YOUR ASSIGNMENT -
Do not copy the pictures. Write out the lines from the start of the entries through the line containing "Learning emotional regulation".

SOURCE DATA -

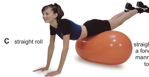
C straight roll

straight roll only moves in a forward and backward manner making it easier to use than a ball
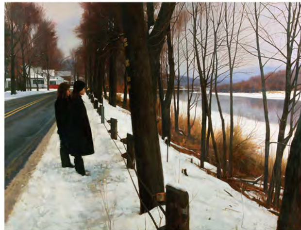
Winter View of the Delaware River, oil on canvas, 36 x 48"
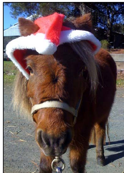
Pogo wishes everyone a happy holiday season!

Pogo's holiday wish list may be the most ambitious of them all, but she is
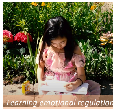
Learning emotional regulation

The Youth, Families & Communities Program in San Luis Obispo County is supporting the socio-emotional health and wellbeing of students, families, and educators during the crisis. They developed 10 free virtual lessons on How to Practice Mindfulness with Kids . Research on this peer-reviewed curriculum demonstrated that the lessons help participants increase their personal skills in mindfulness practices, ultimately leading to improved stress management and emotional regulation. Students from the Central Coast are featured in the lessons, which have been distributed to Superintendents in all San Luis Obispo County school districts.
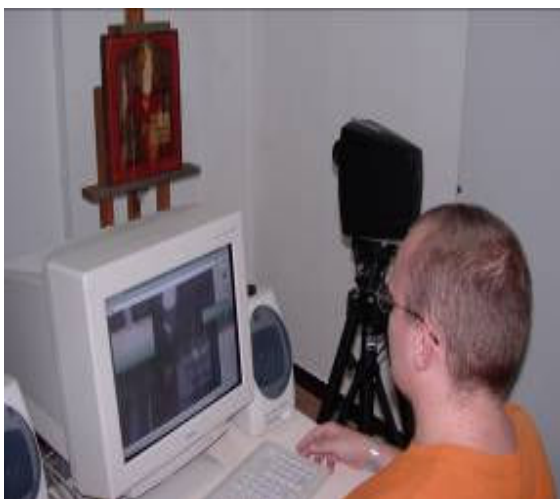
Fig. 2. Basic working principle consists in comparing sets of images taken in different wavelength modes between them or with real object

Every working mode helps the specialist to discover or to understand better some degradation related to certain layers. Images are also used to justify a precise intervention. They testify that no damage is produced by restorer or by any other person who is responsible for that object conservation
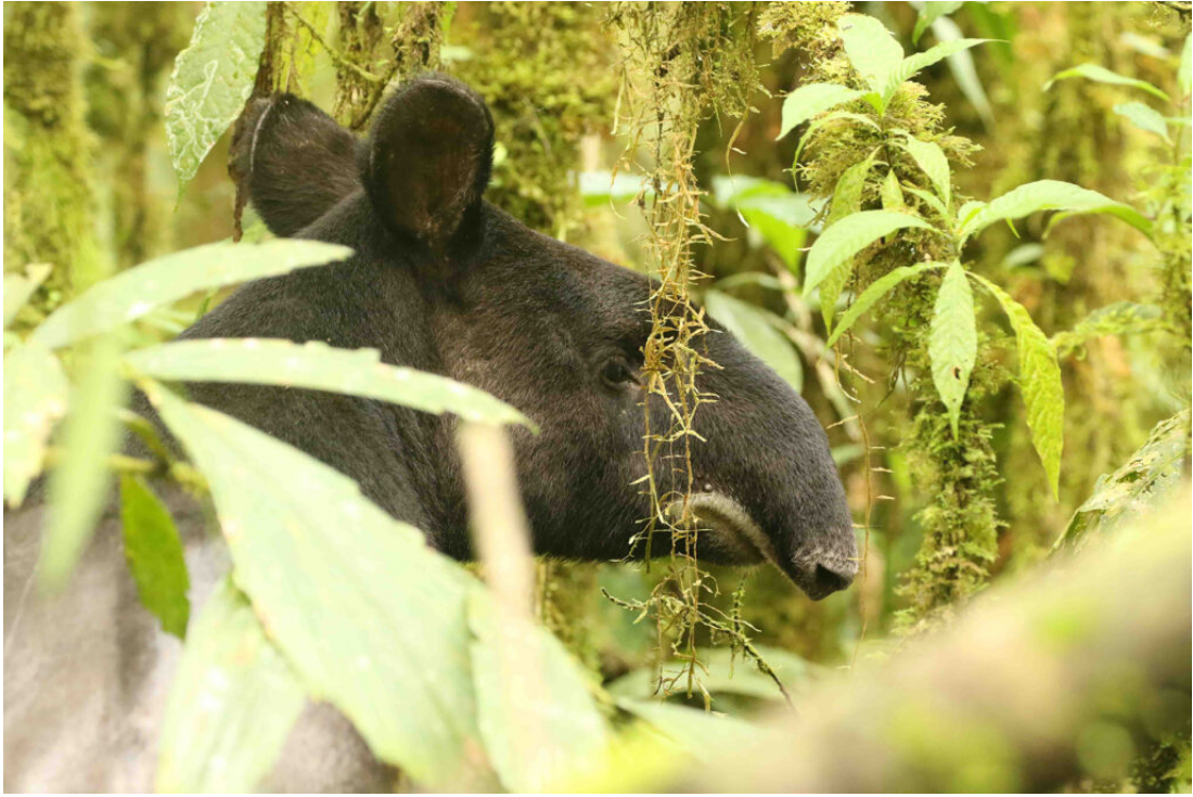
Mountain Tapir

RESULT OF THE EXERCISE -
C straight roll

straight roll only moves in a forward and backward manner making it easier to use than a ball
Winter View of the Delaware River, oil on canvas, 36 x 48"
Pogo wishes everyone a happy holiday season!

Pogo's holiday wish list may be the most ambitious of them all, but she is
Learning emotional regulation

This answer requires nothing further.